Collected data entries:
*** Block opens ***
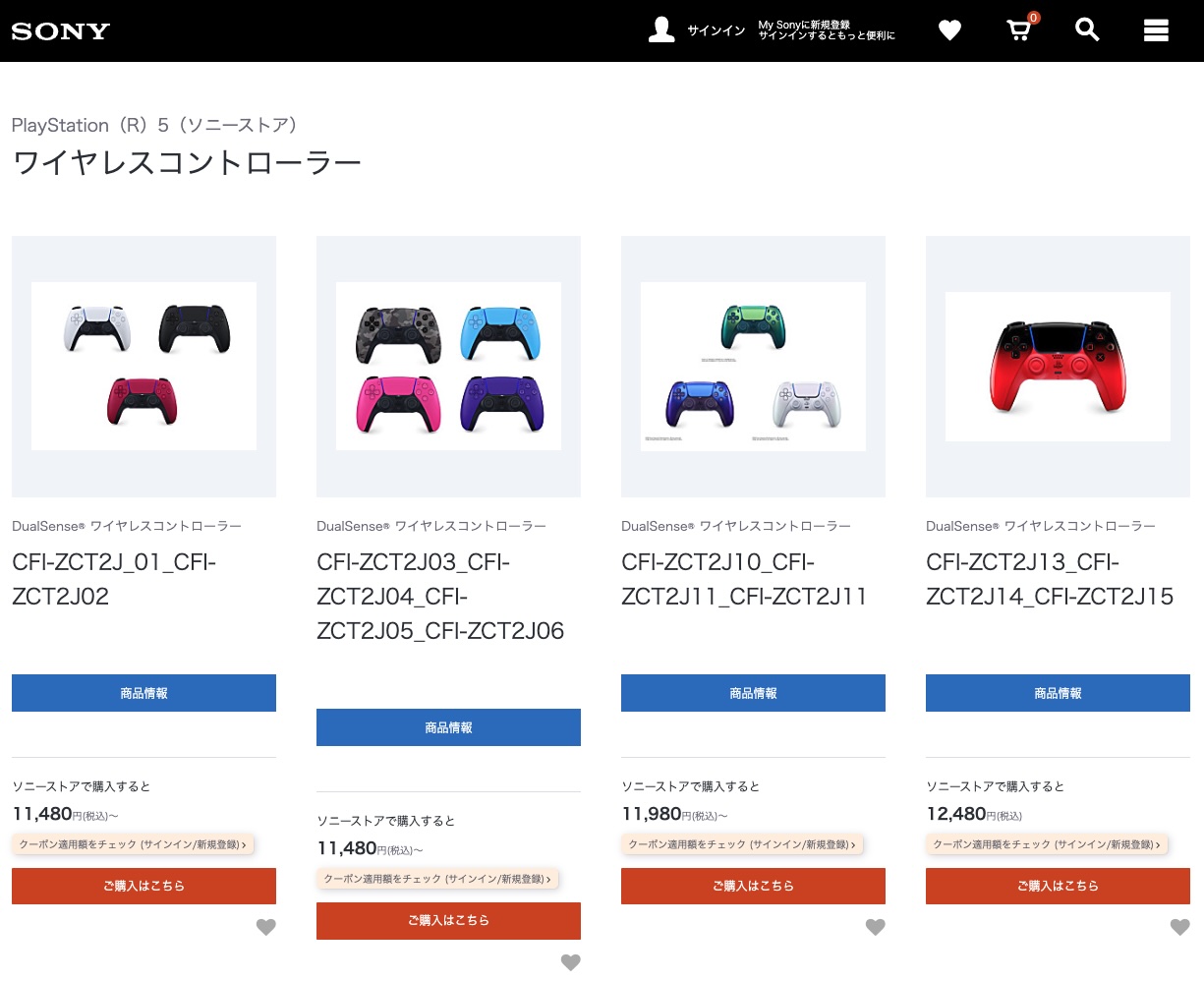 DualSense ワイヤレスコントローラー販売店一覧
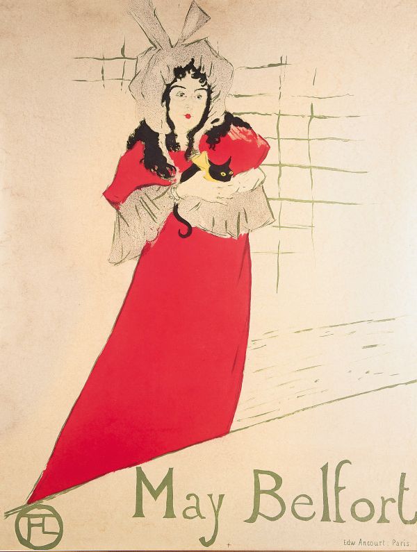 《梅贝尔福特》彩色石版画,1895,1145x942mm梅·贝尔福特是一位爱尔兰女歌手,常穿着袖子蓬松的裙子,戴一顶巨大的帽子,怀抱一只黑猫。这件作品是罗特列克为梅·贝尔福特在巴黎小赌场演出时制作的海报,这件作品还于次年在兰斯举行的国际海报展览中获奖,简单而大胆的构图和平涂的明亮色块是受到日本浮世绘影响的结果。
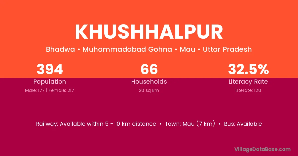 Khushhalpur village has a total population of 2,292 people, of which 1,226 are males and 1,066 are females.
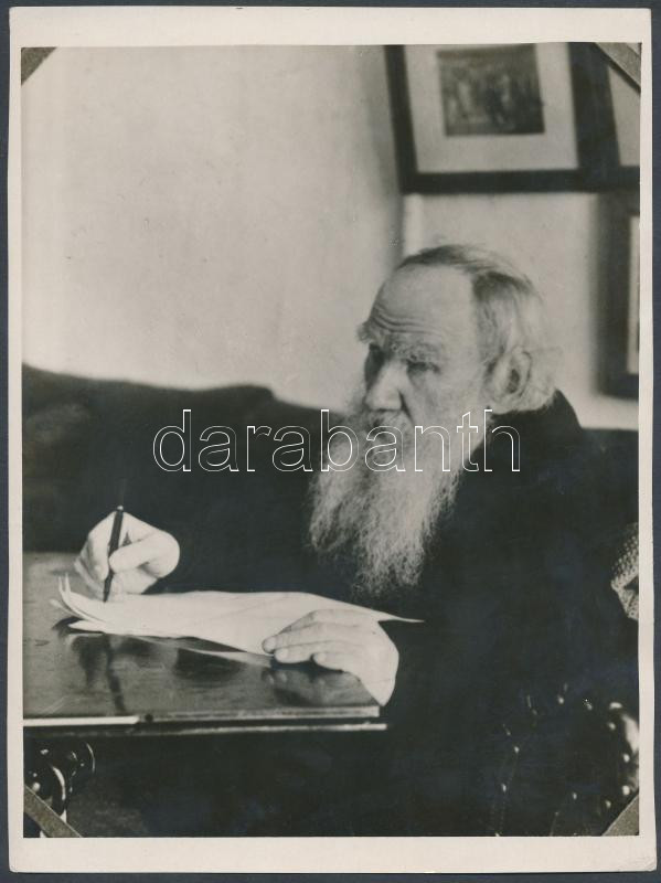 cca 1905 Tolsztoj (1828-1910) orosz író időskori portréja a Sojusfoto archívumából, 1941-ben azért közli a sajtó, mert Tolsztoj életéről filmet forgattak Oroszországban, pecsétek, feliratok a hátoldalon, 22x17 cm
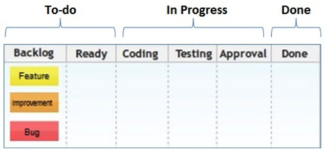 Structura de bază a unui Kanban board se rezumă la trei stări (coloane): To-Do, Ongoing (sau In Progress ), Done. Se pot însă defini stări specifice nevoilor de proiect, un exemplu clasic de Kanban board pentru software development se poate urmări în figura ataşată.
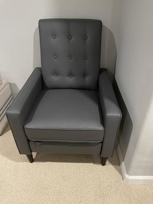 [This review was collected as part of a promotion.] This recliner looks great in my space and was very easy to put together. I love that it’s a more sleek and modern design – so much nicer than the usual bulky and old-fashioned recliners sold.The frame of this chair is slim so it fit in my space quite nicely. This chair is beautiful, well made, and sturdy!The leather is soft,sturdy & the tufted buttons add a nice touch. Overall, it’s really comfortable and reclines easily & farther back than I expected. I’m very happy with this chair! Would buy another from this same manufacturer again.
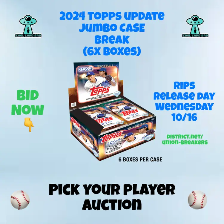 You are bidding on all the cards of the player listed in the title in this JUMBO Case (6x Jumbo Boxes) of 2024 Topps Update Baseball Cards. Auctions end on Tuesday October 15th; case rips on Release Day Wednesday October 16th in the evening. Opening will be viewable & simulcast on Union Breakers x Pats Pulls District as well as simulcast to Twitch. US Shipping is $4.50 for your first auction spot won and only $.25 per additional spot won after that! Any spot won where no cards of the player are found in the box will receive a bonus card from Cool Card Bro's collection. Any hit pulled (On the Spot, Sketches, Hidden Gems etc) of a player who is NOT listed in the auction will be assigned by draw between all participants. Checklist COMBO CARDS have 1 combined spot; Any other dual or multi-player #'d or auto cards featuring multiple players will be assigned live between the spots depicted on the card.
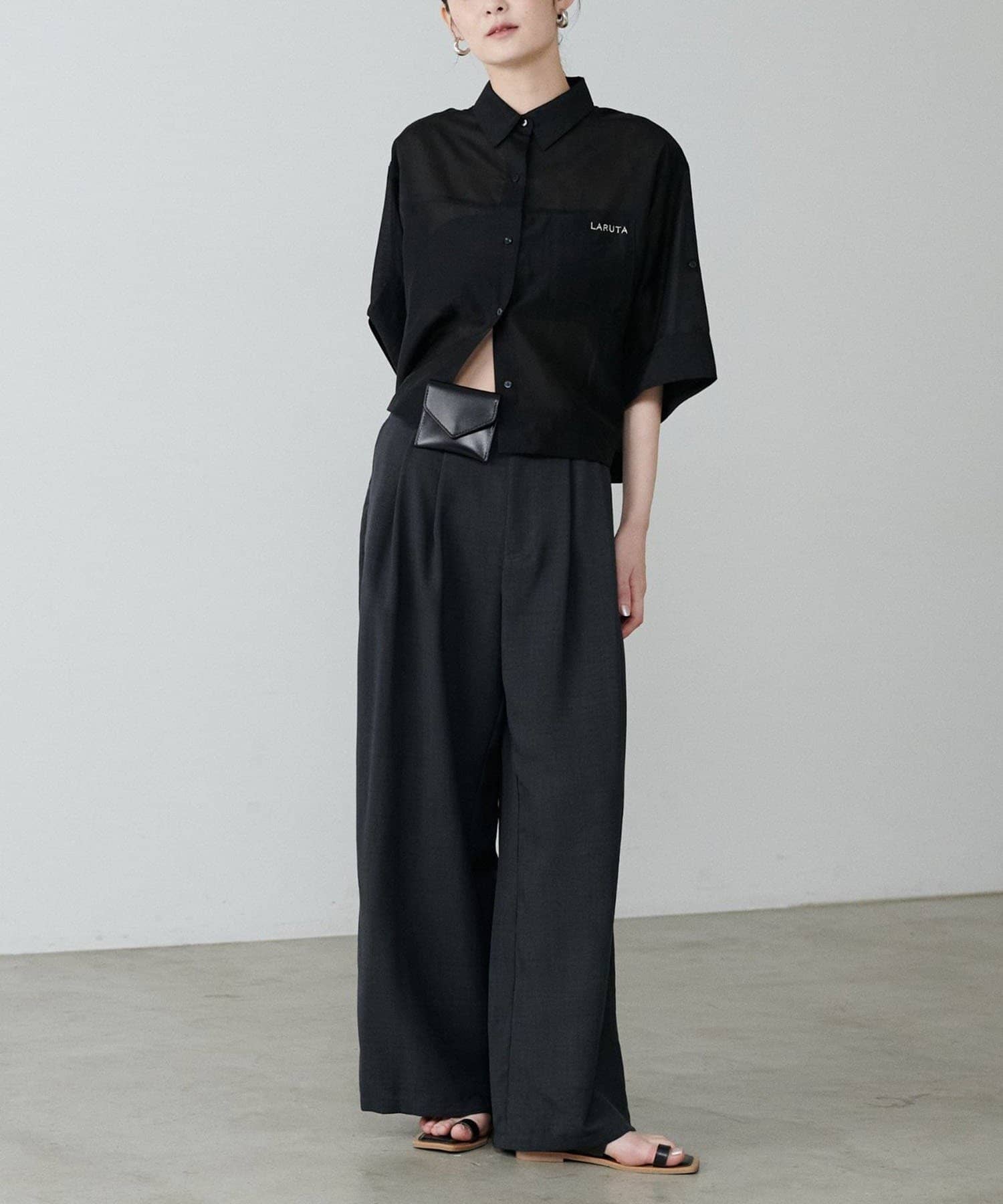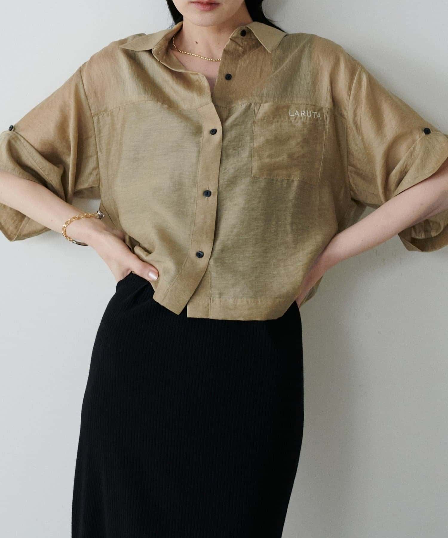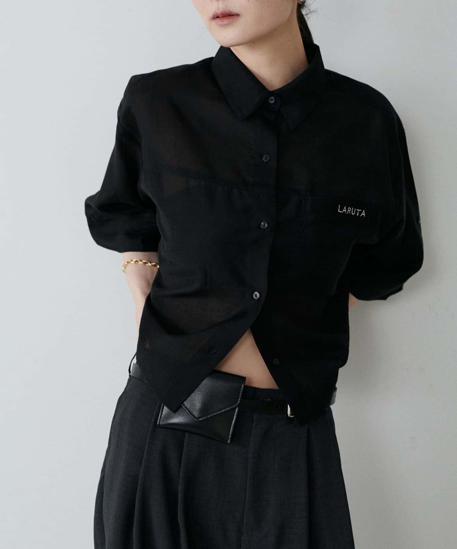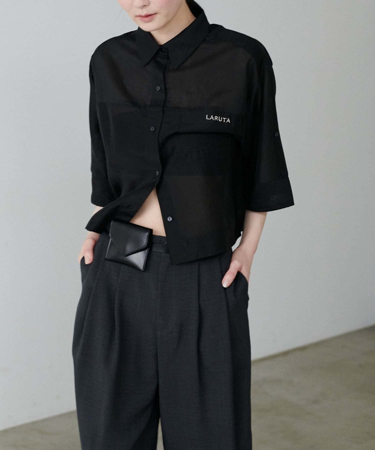 【LARUTA】シアー半袖刺繍ロゴシャツ
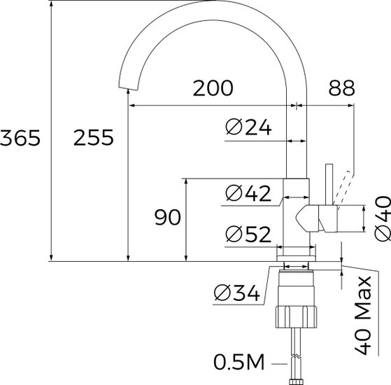 • Длина (вылет) излива 200 мм
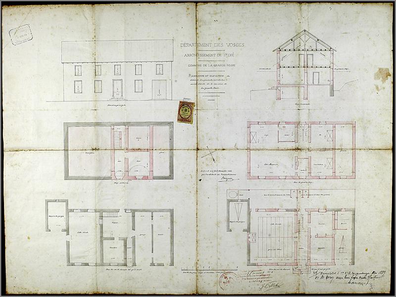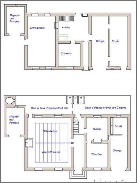L'ancienne école de la Bonne-Fontaine étant devenue trop petite et excentrée, en 1824, la municipalité décide d'acheter un bâtiment mieux situé. Le bâtiment, une ferme, est vraisemblablement rallongé pour y accueillir une salle de classe, les locaux de la mairie sont installés dans la partie habitation, la grange et l'étable garde leurs fonctions. En 1856, la mairie-école est entièrement reconstruite en gardant la même emprise en sol, sur un plan de l'architecte Bruyant par l'entrepreneur Etienne Delubin. Le bâtiment, couvert de bardeaux, comporte alors en sous-sol deux caves, en rez-de-chaussée : une salle de classe double pour 120 élèves, couloir, cuisine, chambre, écurie et grange, au premier étage : la salle communale, un local d'archives, deux chambres et un grenier. Une cour avec trois W.C. est créée. Le beffroi est ajouté en 1860. Bien que le plan prévoie un partage de la salle d'école et de la cour, la séparation des sexes n'est effective qu'à partir de 1873. Le bâtiment devenant exigu, compte tenu du nombre d'élèves, en 1878, une école pour les filles est construite. En 1886, par mesure d'hygiène, la cour d'école est agrandie et pourvue de 6 W.C. et le magasin des pompes attenant est supprimé.
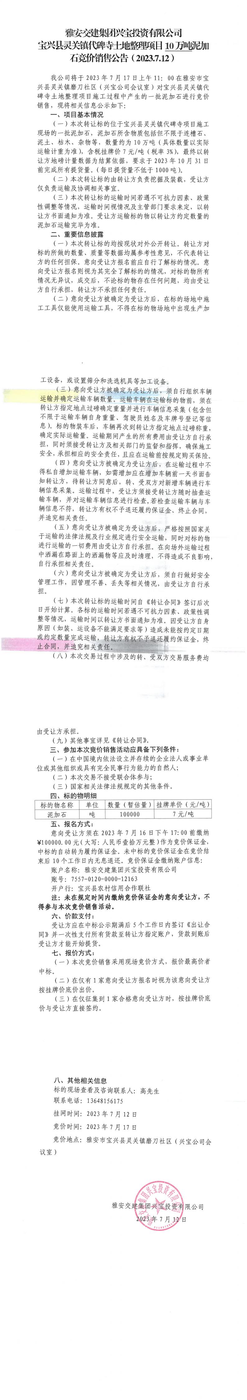 雅安交建集團(tuán)興寶投資有限公司寶興縣靈關(guān)鎮(zhèn)代碑寺土地整理項(xiàng)目10萬噸泥加石競(jìng)價(jià)銷售公告(2023.7.12)
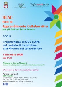 Il 01 dicembre p.v. si terrà un nuovo focus tematico nell’ambito del Progetto REAC – Reti di Apprendimento Collaborativo, nato nell’ambito di PugliaCapitaleSociale 2.0 – Linea B e finalizzato a rispondere sempre meglio, con attività integrative rispetto a quelle istituzionali svolte dal CSV Taranto sul territorio provinciale, al bisogno del mondo del Terzo Settore, e in particolar modo delle OdV e delle APS locali, di accrescere il proprio livello di conoscenza e competenza sulle nuove regole, sfide e opportunità derivanti dalla Riforma, nonché la propria capacità (capacity building) di incidere positivamente sulle dinamiche sociali e socio-economiche del territorio di riferimento.
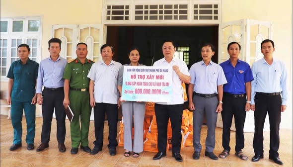 Chủ tịch Ủy ban MTTQ Việt Nam thành phố Lê Trí Thanh (thứ 4, bên phải sang) trao 600 triệu đồng hỗ trợ xây mới cho 10 nhà dân bị thiệt hại hoàn toàn do mưa lũ, sạt lở của xã Nam Trà My. Ảnh: ĐẮC MẠNH
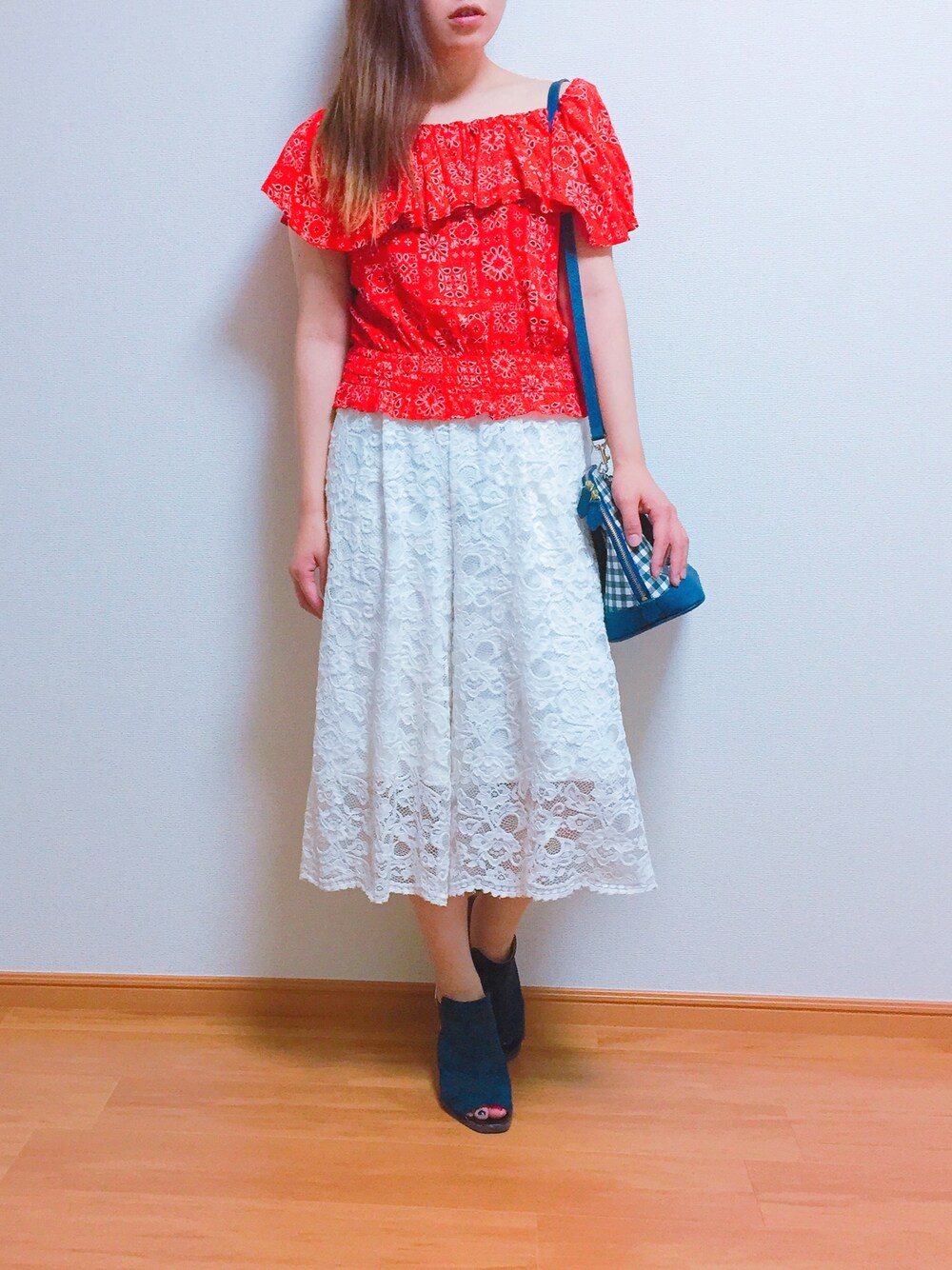 梅雨ってジメジメしてで蒸し暑くて嫌ー(*^^*)だから原色トップスで気分転換上げる💕雨上がりだけどサンダル履いて出かけようコーデ*\(^o^)/*
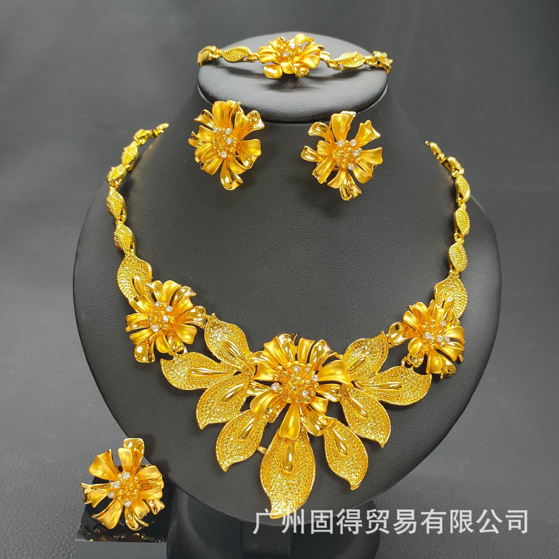 Cross-Border 24k gold Dubai bridal necklace earrings bracelet ring jewelry suit flower alloy jewelry four-piece set
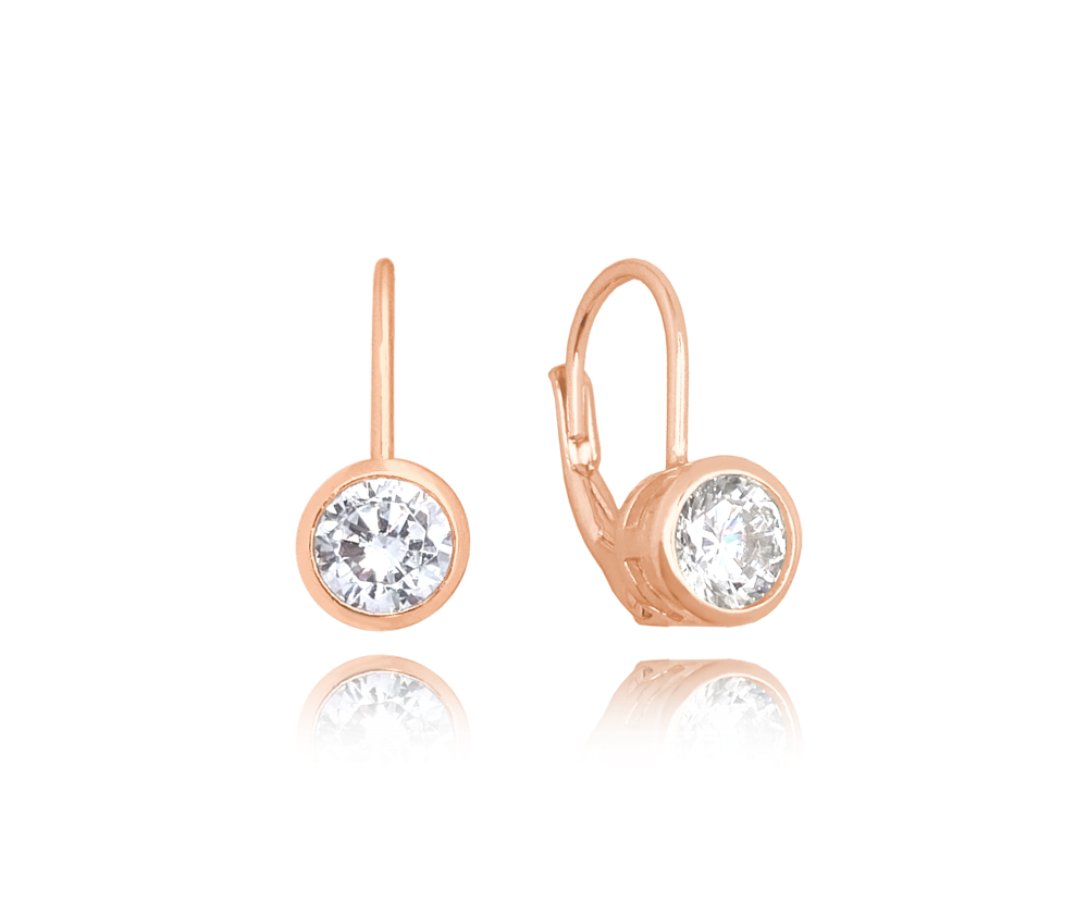 MINET Rose gold kolczyki srebrne z białymi cyrkoniami
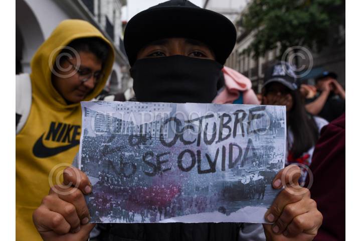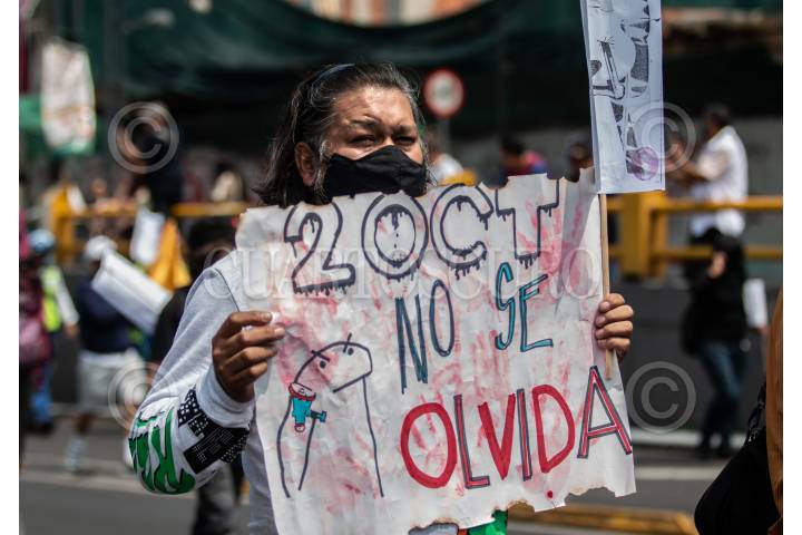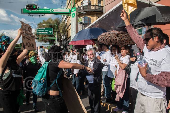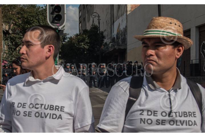 CIUDAD DE MÉXICO, 02OCTUBRE2019.- Miles de estudiantes, normales rurales, organizaciones sociales, campesinos, colectivos anarquistas, comité 68 y de los 43 estudiantes desaparecidos de Ayotzinapa, marcharon de diferentes salidas hacía el Zócalo Capitalino, entre el cinturón de la paz los cuales pretendían evitar que los contingentes de jóvenes anarquistas realizaran destrozos a su paso, esto por el aniversario 51 del ataque estudiantil en Tlatelolco. FOTO: ANDREA MURCIA /CUARTOSCURO.COM
*** Block closes ***
The range to set down runs from the line containing "Chủ tịch Ủy" through the final line of the data, both ends included; give it exactly and drop the pictures.

**Response box:**
 Chủ tịch Ủy ban MTTQ Việt Nam thành phố Lê Trí Thanh (thứ 4, bên phải sang) trao 600 triệu đồng hỗ trợ xây mới cho 10 nhà dân bị thiệt hại hoàn toàn do mưa lũ, sạt lở của xã Nam Trà My. Ảnh: ĐẮC MẠNH
 梅雨ってジメジメしてで蒸し暑くて嫌ー(*^^*)だから原色トップスで気分転換上げる💕雨上がりだけどサンダル履いて出かけようコーデ*\(^o^)/*
 Cross-Border 24k gold Dubai bridal necklace earrings bracelet ring jewelry suit flower alloy jewelry four-piece set
 MINET Rose gold kolczyki srebrne z białymi cyrkoniami
 CIUDAD DE MÉXICO, 02OCTUBRE2019.- Miles de estudiantes, normales rurales, organizaciones sociales, campesinos, colectivos anarquistas, comité 68 y de los 43 estudiantes desaparecidos de Ayotzinapa, marcharon de diferentes salidas hacía el Zócalo Capitalino, entre el cinturón de la paz los cuales pretendían evitar que los contingentes de jóvenes anarquistas realizaran destrozos a su paso, esto por el aniversario 51 del ataque estudiantil en Tlatelolco. FOTO: ANDREA MURCIA /CUARTOSCURO.COM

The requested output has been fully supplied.